Andre de Ruyter’s Eskom corruption warnings investigated

Former Eskom CEO Andre de Ruyter’s warnings about endemic fraud and corruption at the power utility are now being investigated by the Special Investigating Unit (SIU).

De Ruyter warned about widespread malfeasance at Eskom in an explosive ENCA interview and his book, Truth to Power: My Three Years Inside Eskom.

He said Eskom was crippled by corruption on a staggering scale involving staff, contractors, crime syndicates, and high-profile politicians.

He highlighted numerous cases of brazen fraud and corruption at Eskom, including:

  • Fake fuel oil deliveries at the Tutuka power station which cost Eskom R100 million per month.
  • A corrupt tender awarded to Hitachi Power Africa to provide Medupi and Kusile with boiler units caused tremendous problems.
  • The supports attached to a pylon carrying power lines to Lethabo Power Station’s overland coal conveyor were cut.
  • The unlawful awarding of a contract to supply coal to Eskom’s Majuba power station to the Gupta-owned company Tegeta Exploration and Resources.
  • Good-quality coal needed to generate electricity at the coal-fired plants was replaced by poor-quality ‘discard coal’.
  • A person cut through a conveyor belt that fed coal into the boilers. That had led to significant disruption.
  • Widespread corruption related to equipment ordering and warehousing at Eskom power stations.

Many politicians and others questioned De Ruyter’s warnings as part of it came from a private intelligence report compiled by George Fivaz Forensic and Risk (GFFR).

Investigative journalist Jacques Pauw claimed the report “contained no facts” and was “effectively worthless”.

Eskom Chairman Mpho Makwana said De Ruyter hadn’t discussed the majority of his allegations with the board.

ANC secretary general Fikile Mbalula threatened legal action against De Ruyter for his allegations that senior ANC members were involved in Eskom corruption.

Cyril Ramaphosa
President Cyril Ramaphosa

However, De Ruyter is getting vindicated by the latest developments regarding fraud and corruption investigations at Eskom.
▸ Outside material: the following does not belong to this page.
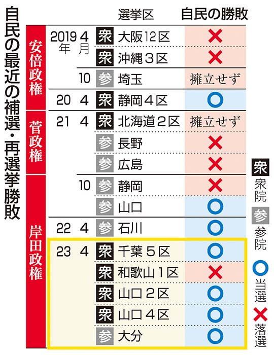 接戦となったのは衆院の山口2区、千葉5区、参院の大分選挙区だった。山口県は安倍晋三元首相の死去に伴う4区と岸信夫前防衛相が病気により引退した2区で行われたが、両区とも自民の“必勝区”だった。

President Cyril Ramaphosa revealed that Eskom cancelled coal-supply agreements and construction contracts worth R11 billion rand as they crack down on crime at the power utility.

“There is currently an operational task team conducting investigations into allegations of alleged sabotage, fraud, corruption, and the theft of Eskom’s infrastructure,” he said.

The Special Investigating Unit (SIU) also revealed it was expanding its investigations into corruption at Eskom as it goes beyond employees to contractors and private companies.

SIU spokesperson Kaizer Kganyago said their investigations at Eskom are huge and constantly increasing as more is uncovered.

It has expanded its investigations into the supply of inferior coal to Eskom, causing damage to some of the utility’s equipment to secure repair contracts.

Conveyor belts at several coal power stations were also damaged to secure tenders to transport coal via trucks from different mines.

The construction of Eskom’s power stations, particularly Medupi and Kusile, is also under investigation.

Several private companies have been prosecuted, with Swiss-German engineering firm ABB the most notable. ABB paid R1.6 billion back to Eskom following successful prosecution.

Electricity Minister Kgosientsho Ramokgopa revealed that 2,147 criminal cases relating to Eskom had been reported to the police, with 1,586 under investigation and 126 arrests since April 2022.

Ramokgopa said it was clear that the destruction of infrastructure is not coincidental but rather it is orchestrated.

He added that investigations need to “go beyond the ordinary men to the main orchestrators and the brains behind the efforts to undermine electricity supply”.

These comments echo De Ruyter’s allegations of criminal syndicates and powerful politicians were behind malfeasance at Eskom, which damages the power utility.